U.S. attack less dependent on Jozy Altidore than it was a year ago
FOXBOROUGH, Mass. -- When Jozy Altidore went down with a hamstring injury at last summer's World Cup, the lack of a suitable replacement created a domino effect that was felt throughout the entire U.S. team.
Clint Dempsey was shoehorned into the target forward role; Michael Bradley moved higher up, too. The Americans still advanced in Brazil, but it's impossible to know how much better they might have been with Altidore in the lineup.
Fast forward 13 months to the ongoing Gold Cup, in which the U.S. once again has a conundrum up front without a fully fit Altidore. The Toronto FC man is struggling to regain his form following another hamstring strain and was pulled just 45 ineffective minutes into the Yanks' 1-0, Group A-clinching win over Haiti here on Friday night.
There's still no like-for-like stand-in for Altidore. Yet Jurgen Klinsmann's team is in a better position this time around, thanks to the presence of Aron Johannsson and Gyasi Zardes, who replaced Altidore against the Haitians and made an immediate impact by setting up Dempsey's winner less than two minutes after coming on.
"[Friday night] showed that a guy like Gyasi can come in and do just as good if not better," Altidore said post-match. "That shows the depth we have on the team, and a lot of guys can step up. You see guys like Gyasi, like Aron, who have been waiting and doing everything right, and we see that they can bring something different to the team, something positive that we don't have. It's important to have options."
The insertion of Zardes added an element of danger to the U.S. front line.
"He brings energy," captain Michael Bradley said. "He brings mobility. He's dynamic."
Johannsson, meantime, was at the World Cup and replaced Altidore when he pulled up lame in the first half of the Americans' first game. But he was slowed by an ankle injury and didn't play again at the tournament, after which he required surgery.
Now Johannsson is healthy. And he would've had a goal against the Haitians, if not for an offside call that replays revealed was incorrect.
"Sometimes this happens," said Johannsson, who, like the rest of the squad's European- and Mexican-based players, is still finding his feet after being idle since early June.
"I wish I could count that one -- it's good to score a goal but when it doesn't count, it doesn't count. Hopefully in the next couple games I get some goals."
His team could certainly use them. Despite having six points and a spot in next weekend's quarterfinal in Baltimore, the U.S. hasn't created many chances through two games. Dempsey has all three goals.
Still, there is reason for optimism because of how Zardes is growing into a difference-maker at the international level. After being deployed on the wing in the opener against Honduras, Zardes played higher up the field on Friday. When Johannsson was substituted in the 83rd minute, he led the line -- the same spot he plays for the MLS champion LA Galaxy.
"I love playing up top," he said. "But playing out wide, I love that as well, just trying to be an attacking threat. That's what I'm really trying to accomplish."
What the U.S. wants to do -- besides defend its regional title -- is improve.
Klinsmann has taken a few risks so far: starting inexperienced center-back Ventura Alvarado in the first match, switching out seven starters -- including his entire back four -- in the second. Both Honduras and Haiti pushed the U.S. hard.
"Big compliment, huge compliment to Haiti how they played -- it was a very intense game that could have changed in any second," Klinsmann said. "I think every player now knows how tricky and how difficult these game are." That's not to say he was thrilled with the performance.
"As you saw, there was still stuff that was not so good," he said. "So we keep working on that."
Without Dempsey and keeper Brad Guzan -- who came up with a big save early in the second half to preserve the narrow lead for his side -- who knows where the U.S. would be. Dempsey's quality in front of goal is the main reason that Monday's first-round finale against Panama in Kansas City is inconsequential for the U.S. in terms of the result.

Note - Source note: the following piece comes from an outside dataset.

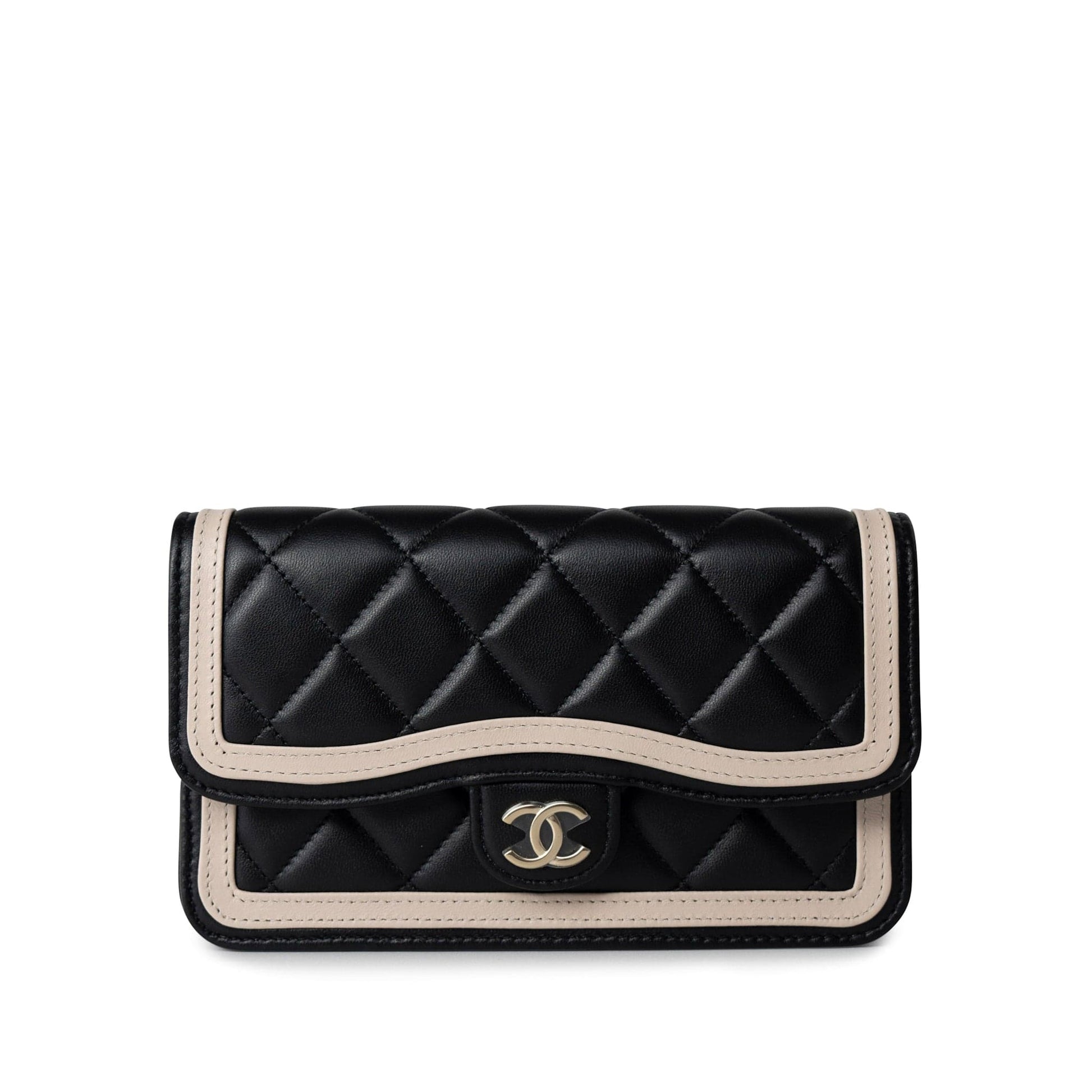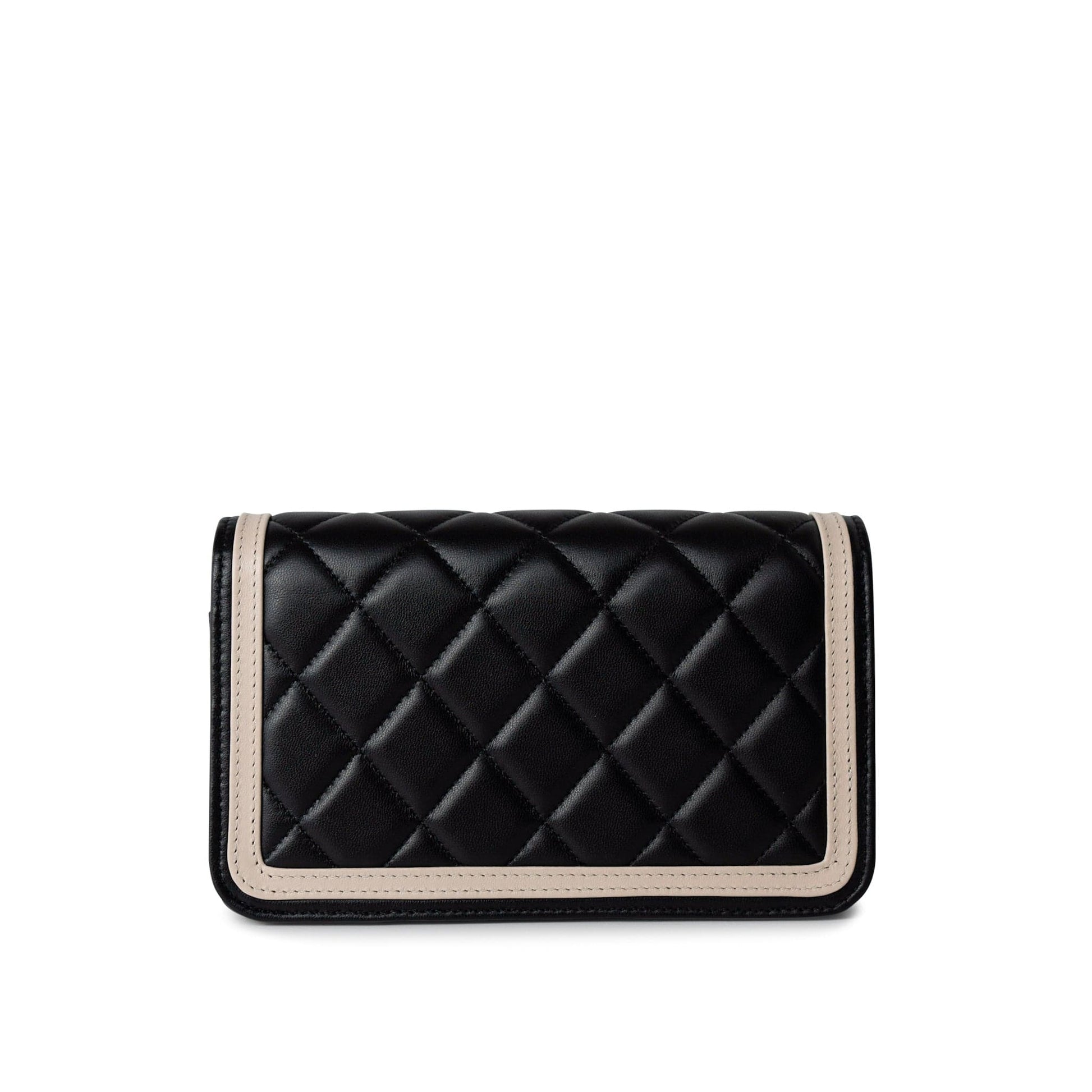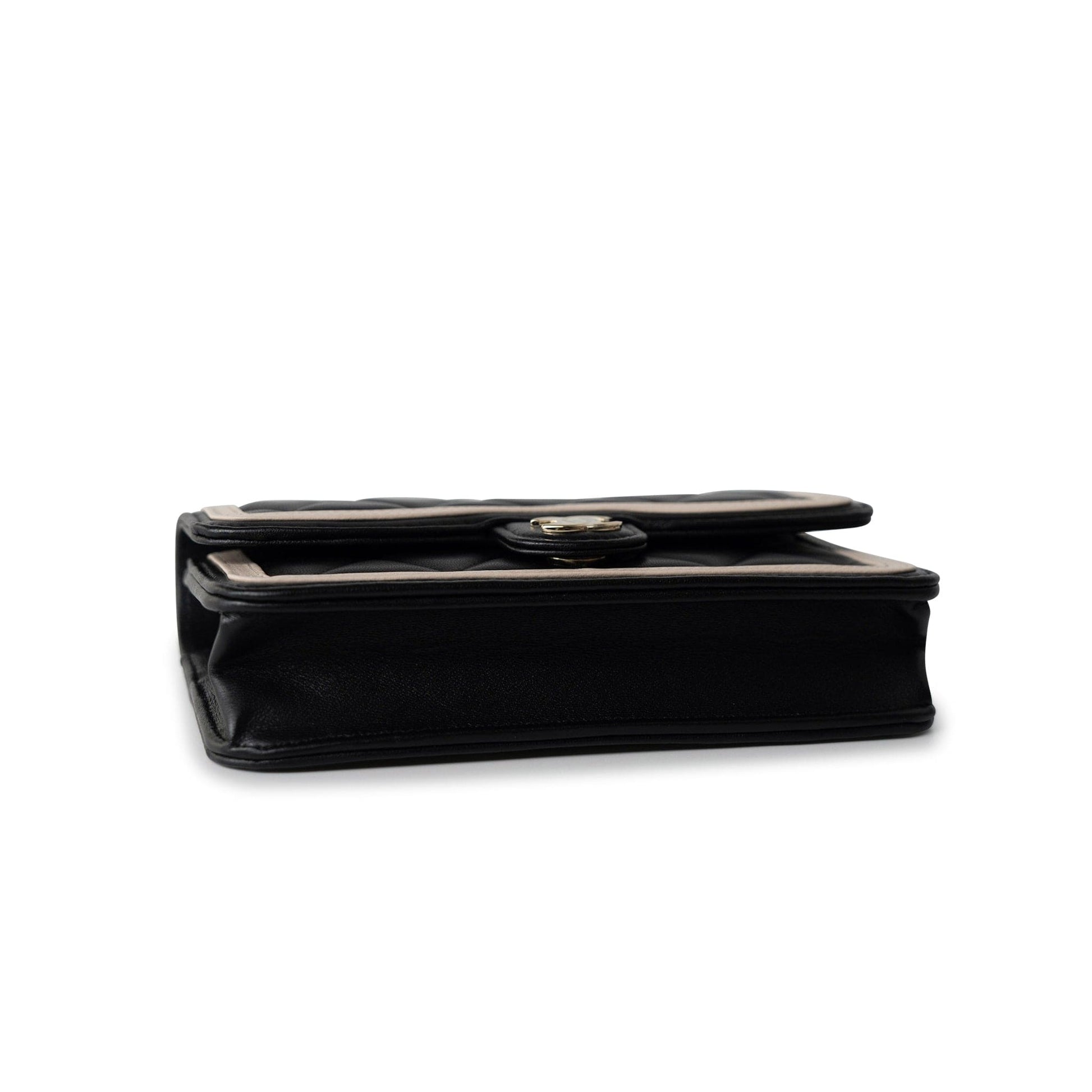 23B Black / Beige O Phone Holder w/ Chain Flap Light Gold Hardware

But it's far from meaningless. The Americans will have to be far sharper in the attacking third in the knockout stage, especially with an excellent Costa Rica team potentially looming in the semifinals.
Klinsmann said that he'll continue trying to get Altidore up to speed and insisted that the 25-year-old will be able to make an impact later in the competition. But the manager also made it clear that he'll lean on his other forwards -- a group that also includes World Cup veteran Chris Wondolowski -- too.
"That's what we need from our strikers, we need them to push the other ones," Klinsmann said. "It's good to know that if Jozy is not there yet, we have Aron and Wondo that can get the job done as well, and Gyasi always as an option to put him up front. It's good for us."
It's also a nice change from a year ago.